Comment redonner à Haiti sa fleur d’antan ?

Quand mettrons-nous de côté nos querelles de chapelle? En tout cas abordons la crise avec beaucoup plus de sérénité et d’intelligence. Comme l’a si bien dit Jules Michelet «la tyrannie a cela de bon qu’elle réveille souvent le sentiment national ; on la brise ou elle se brise». C’est vrai nous avons brisé la répression Duvalieriste et nous avons poussé le président Jn claude Duvalier à fuir le pays vers l’étranger mais certains disaient nous avons établi des régimes Duvalieristes sans les Duvaliers avec nos pratiques honteuses et arbitraires parfois… Et il semblait que nous avons toujours du mal à toucher la plaie du bon doigt. Nous sommes toujours enclin à une transition qui n’en finira pas pour répéter le journaliste senior Pierre Raymond Dumas.

Le moment est enfin venu d’apporter une parole libre, une parole juste, une parole libératrice pour Haïti de manière à exorciser nos apparences séculaires qui nous tuent et qui nous avilissent au jour le jour. Daniel Rops n’a t-il pas raison quand il disait «si l’homme n’avait pas opposé à l’apparence ses successifs mondes de vérité,il ne serait pas venu nationaliste, il serait devenu un singe». Dès qu’on parle d’Haïti on parle d’un état démocratique mais notre triture politique depuis trente trois années nous dessinent un tableau lamentable.

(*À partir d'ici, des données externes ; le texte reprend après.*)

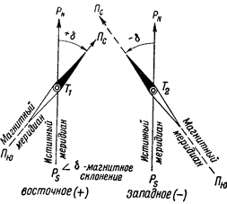 Истинный меридиан в свою очередь не совпадает с магнитным меридианом. Угол между одноименными направлениями истинного и магнитного меридианов называется магнитным склонением и обозначается греческой буквой δ (дельта). Склонение считается восточным (со знаком +), если северный конец стрелки уклоняется к востоку от истинного меридиана, и западным (со знаком —) при уклонении к западу (рис. 12).
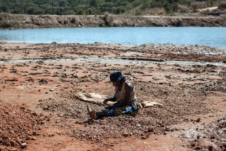 A woman separates rocks from cobalt near a mine between Lubumbashi and Kolwezi on May 31, 2015. AFP PHOTO/FEDERICO SCOPPA / AFP PHOTO / FEDERICO SCOPPA
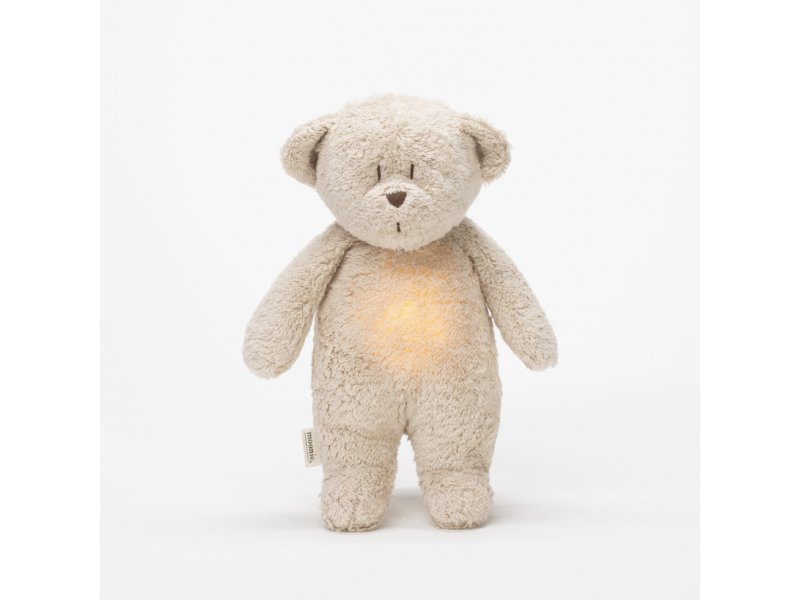 Moonie usínáček v podobě roztomilého medvídka s nočním světlem a relaxačními zvuky pomáhá miminku uklidnit se a snáze usnout. Uklidňující zvuky připomínají dítěti prostředí v děloze maminky před jeho narozením. Usínáček nabízí pět přírodních relaxačních zvuků (lůno matky, vítr, lesní potok,...
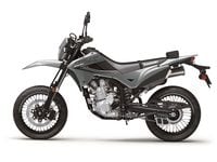 The 2025 Kawasaki KLX300SM is available in Battle Gray and Phantom Blue for $5849.
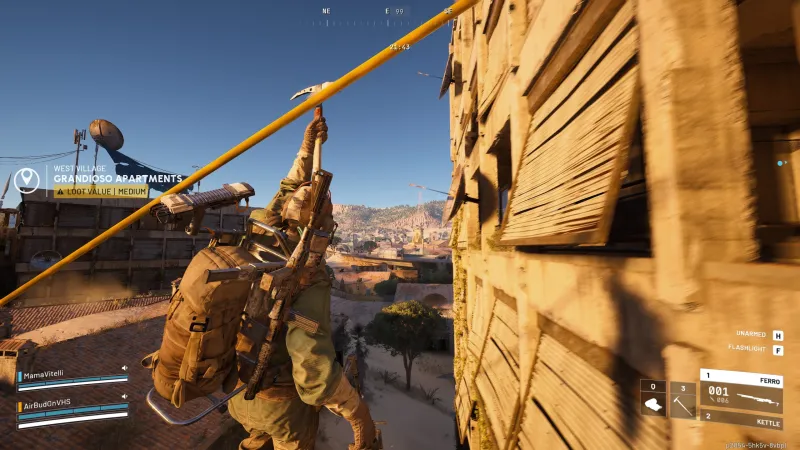 Before loading into their selected map, players equip themselves with various old-world weaponry, like marksman rifles and pistols, alongside a selection of futuristic gadgetry like shields, loadout augments (i.e., expanded backpack space vs. more quick-use slots), ziplines, special grenade types, and a lot more. You can always enter the game world with a free, randomized loadout if you’ve lost ample gear due to repeated deaths. While the free kit is basic, it’s a viable arsenal for most resource-gathering outings, and my friends and I have wiped unsuspecting enemy raiders with much better loadouts. I love outplaying a better-equipped squad with a thoughtful strategy, like using a Lure Grenade to attract a swarm of enemies to their position, and narrowly escaping via the contested exit with my hard-earned spoils.
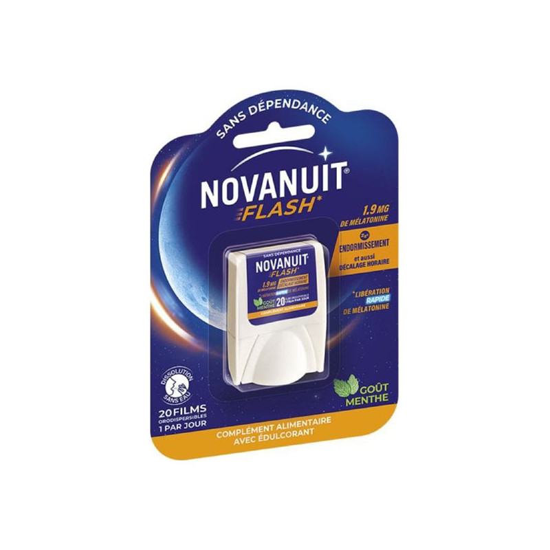 Novanuit Flash es un complemento alimenticio con edulcorante reservado a los adultos, para reducir el tiempo que se tarda en conciliar el sueño y los efectos del jet lag.
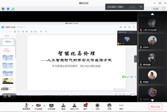 9月3日,bevictor伟德在腾讯会议举办了“智能化与伦理——人工智能时代的学习工作生活方式”分享会。分享会由工商管理系宋智勇副教授主讲,工商管理专业近200名学生参加分享会。
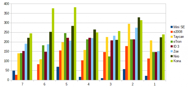 Am formatat autonomiile estimate in fiecare zi pentru ID3, Zoe, Niro si Kona in testul de la AutoMarket: Iata si grafic: Si un grafic cu cat peste 300km au fost acele autonomii: ID3 a avut autonomie medie mai mica decat Zoe! Asta a fost cea mai mare surpriza pentru mine, sa vad cat de putin consuma Zoe si ce autonomie mare are (oficial 400 km din bateria sa de 52 kWh). Nu am vazut atat tam-tam in jurul lui Zoe la noi in tara, dar e clar ca practic cu Zoe poti merge chiar un picut mai mult decat cu ID3. Niro si Kona au fost masinile cu autonomia cea mai mare, Kona a avut in permanenta cu 100 km mai mult autonomie decat ID3, in timp ce Niro cam 60-140 km. Exceptia sunt zilele 3 si 4, cand diferentele nu au fost mari intre masini. Autonomia mai mare trebuie privita si prin prisma ca viteza medie cu Niro si Kona a fost mai mare decat cea cu ID3. Fara suparare Bogdan, dar nu poti spune ca doar ID3 a fost condusa sportiv, celelalte nu, si cu toate astea nu stiu cum dar viteza medie cu ID3 a iesit mai mica decat cea cu celelalte masini... Kona are un cuplu motor mai mare decat ID3, are 400 Nm, care se simte cand accelerezi, rupe aderenta la rotile din fata mereu daca apesi pedala la fund cum esti obisnuit la termice. Cine vrea mers in confort fara asa ceva si cu suspensia setata pe confort are Niro, dar e la un pret la noi intentionat pentru ca masina sa nu se vanda in Romania, cum am spus in alt comentariu de pe un alt thread. Cum spera VW sa vanda Plus-ul, cand cer aceiasi bani pe el ca pe o Kona Luxury+, care are autonomie mai mare cu 100 km, reprize mai rapide (vezi clasificarea de pe zeperfs) si vine cu mai multe pe ea? ID3 are intr-adevar mai mult spatiu in spate, si portbagajul un pic mai mare 385l fata de 332l, dar tot putin e.2 points

Comment parler de démocratie dans un pays où l’impunité est presque la règle, et la justice une exception ? tandis que c’est l’inverse qui devrait-être privilégié. Comment parler de la démocratie dans un pays où les droits fondamentaux de l’homme ne se respectent pas ? Comment parler aussi de la démocratie dans un pays où l’on veut prévaloir la pensée unique ? En tout cas il y a lieu de s’asseoir ensemble afin de pouvoir adresser tout ce cortège maux qui nous torpillent et nous font la risée du monde.

À ce carrefour ultime de l’histoire nous devons attaquer à fond la véritable crise qui nous rend distant l’un de l’autre.
Il faut bannir le sentiment qui refuse de nous aligner ensemble, bannir aussi l’idée qui n »accepte pas la contradictions dans les pensées. Nous sommes devenus un peuple passéiste faisant l’apologie à longueur de journée de la fameuse épopée de 1804 mais oubliant «Du Sublime au ridicule, il n’y a qu’un pas» disait Napoléon.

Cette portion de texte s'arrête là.